Extracted data below:
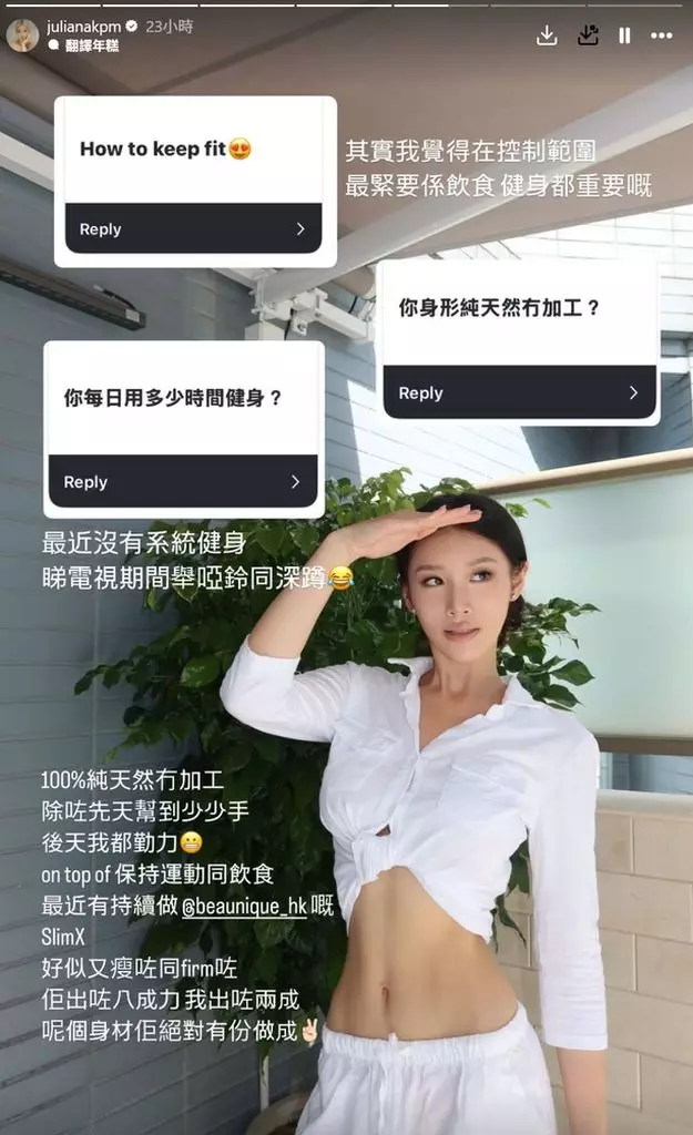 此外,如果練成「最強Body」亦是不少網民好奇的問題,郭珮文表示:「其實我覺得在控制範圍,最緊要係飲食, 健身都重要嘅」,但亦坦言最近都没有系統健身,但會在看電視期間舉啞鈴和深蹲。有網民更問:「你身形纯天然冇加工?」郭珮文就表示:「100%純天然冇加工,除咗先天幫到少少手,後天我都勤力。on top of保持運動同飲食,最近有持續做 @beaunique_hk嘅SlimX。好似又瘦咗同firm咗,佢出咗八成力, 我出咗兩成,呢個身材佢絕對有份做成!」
End of Extracted data.
Extracted data below:
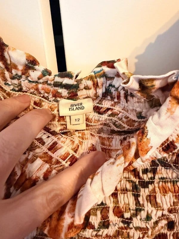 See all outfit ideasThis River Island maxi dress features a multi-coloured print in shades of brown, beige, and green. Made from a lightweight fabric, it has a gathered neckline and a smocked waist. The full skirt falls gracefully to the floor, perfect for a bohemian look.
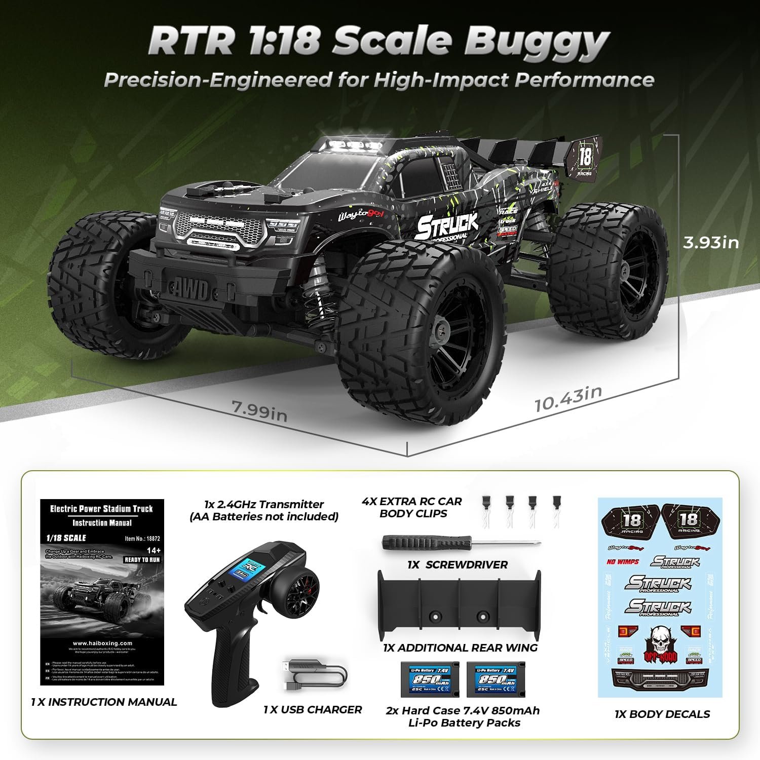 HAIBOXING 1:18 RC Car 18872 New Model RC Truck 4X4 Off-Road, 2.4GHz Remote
End of Extracted data.
▶ [About this task] What you write out is the stretch of entries from the line containing "See all outfit" to the line containing "HAIBOXING 1:18 RC", word for word, with both end lines and no pictures.

▶ [Exercise output]
 See all outfit ideasThis River Island maxi dress features a multi-coloured print in shades of brown, beige, and green. Made from a lightweight fabric, it has a gathered neckline and a smocked waist. The full skirt falls gracefully to the floor, perfect for a bohemian look.
 HAIBOXING 1:18 RC Car 18872 New Model RC Truck 4X4 Off-Road, 2.4GHz Remote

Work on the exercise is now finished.